A significant change if that the application by the borrower for Social Housing Support is now made by the borrower to the local authority prior to submitting the MTR application to the Housing Agency.  This change means that the borrower will know from an early stage of SHS eligibility or not, and if not will need to focus attention on other options to deal with their debt.
A key objective of the actions – and a measure of success – will be reduction in the average length of time for the completion of a transaction will reduce from between 12-18 months currently to less than 9 months.

Increasing the visibility and familiarity of the scheme among borrowers is a critical objective. The new Abhaile Service and MABS are important in that context. There are specific actions focused on engaging those agencies and their nationwide support services.

Further information on the operation of the scheme to date is available from the Housing Agency’s website:


https://www.housingagency.ie/our-services/housing-supply-services/mortgage-to-rent.aspx



*iCare Housing *

iCare Housing became a registered Approved Housing Body in October 2016 in accordance with the relevant statutory requirements and has signed up to the Voluntary Regulation Code.  The organisation proposes to work with the Housing Agency, who administers the Mortgage to Rent on the Department of Housing’s behalf, utilising the existing MTR scheme to complete a significant number of MTR arrangements around the country.  Under iCare proposal, for the first time there is an official arrangement between a lender and AHB on multiple properties rather than negotiations on a per property basis.  It should be noted that the MTR scheme is voluntary and is based on the borrower voluntarily surrendering their home to their lender who then sell it to an AHB.


----------



## TLO (27 Sep 2017)

Personal Insolvency Arrangements are a more holistic way of addressing unsustainable mortgages as other debt, for example, unsecured loans, Revenue debt, can be included.  
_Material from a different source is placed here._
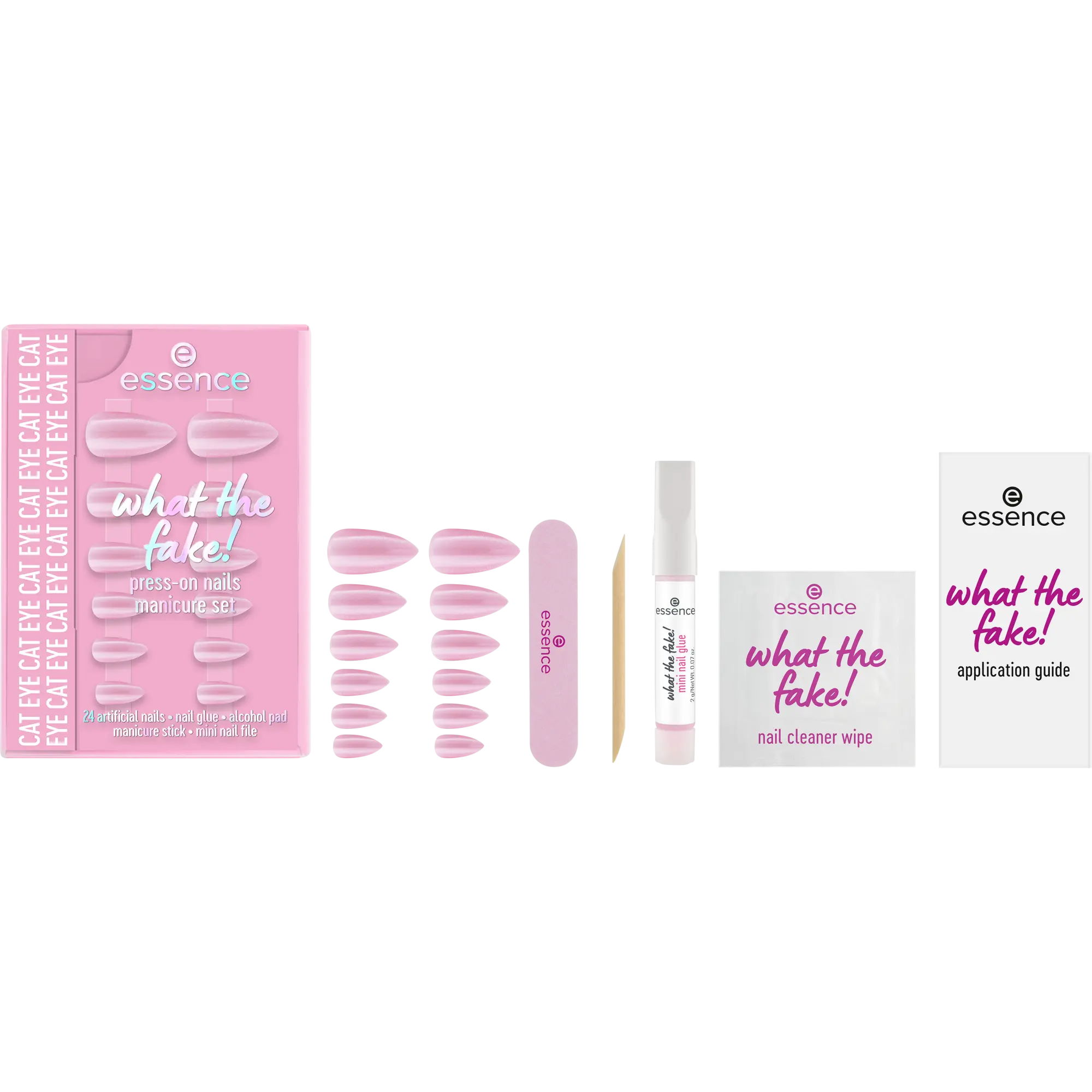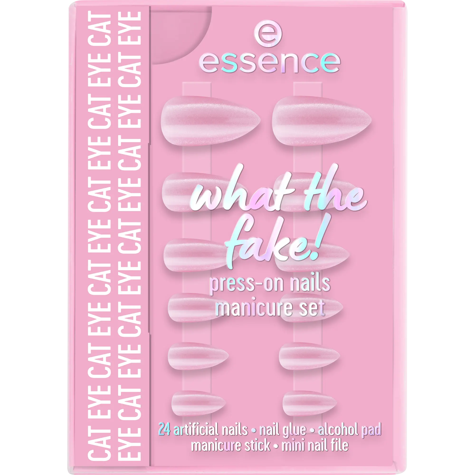 De Essence What The Fake! Press on Nails Manicure Set 02 Cat Eye geeft je in no time een salonwaardige manicure zonder gedoe. Deze ready to go nagels hebben een trendy glans en passen perfect bij elke look, van casual tot party proof. Dankzij de verschillende maten vind je altijd de perfecte match voor jouw nagels, en de handige set bevat alles wat je nodig hebt om meteen aan de slag te gaan.

And MTR is inherently unfair as it has the effect of putting the "head in the sand" group to the top of the social housing list.


----------



## Sarenco (27 Sep 2017)

Brendan Burgess said:


> And to add insult to injury, in 10 years or so, they will be able to buy back the property at a *40% discount* to the market value.



Hi Brendan

Where does this figure come from?  Do we know that AIB is taking a 40% haircut?

It seems very odd that the customer has the option to buy back their home, at any time, at the price that iCare Housing paid for the property.  What happens if the market value of the property doubles over the next, say, 10 years?

I see Mr Hall has described the scheme as a "golden ticket for these people".  Hard to disagree but is it right to run public housing as a lottery?


----------



## Brendan Burgess (27 Sep 2017)

Hi Sarenco 

Local authority tenants get a discount up to 60% on the market value of their house. So I used the 40% figure in my earlier comment on it. 

David Hall said in the AIB statement :

"those who qualify for mortgage to rent... have the option to buy their home back in the future for a price that is discounted from today's market value."

That could be a lot bigger than 60%.  
It sounds as if iCare will buy the houses at around 80% of today's market value. 
The tenant will have an option to buy back at this price at any time in the future. 

"golden ticket" is an understatement. 

Brendan


----------



## odyssey06 (27 Sep 2017)

So much for moral hazard.

At this stage, there appears to be no moral, legal or economic rule that the government will honour in their mad scramble to be seen to be doing something about housing.

The only commandment they shall not breach is : "Thou shall not build more houses".


----------



## Sarenco (27 Sep 2017)

Brendan Burgess said:


> The tenant will have an option to buy back at this price at any time in the future.



So the mortgage debt is written off in full and the tenant is given an open-ended option to repurchase the property at what may well be a fraction of the market value of the property.

Presumably in the interim the rent will be well below market.

That's some deal alright.


----------



## The Horseman (27 Sep 2017)

To say this is crazy is an understatement. Suffice to say the banks have decided it is not economically viable or possible to repossess these properties to realize the outstanding balance. Yet on the flip side people complain about no competition in the banking sector and high mortgage rates.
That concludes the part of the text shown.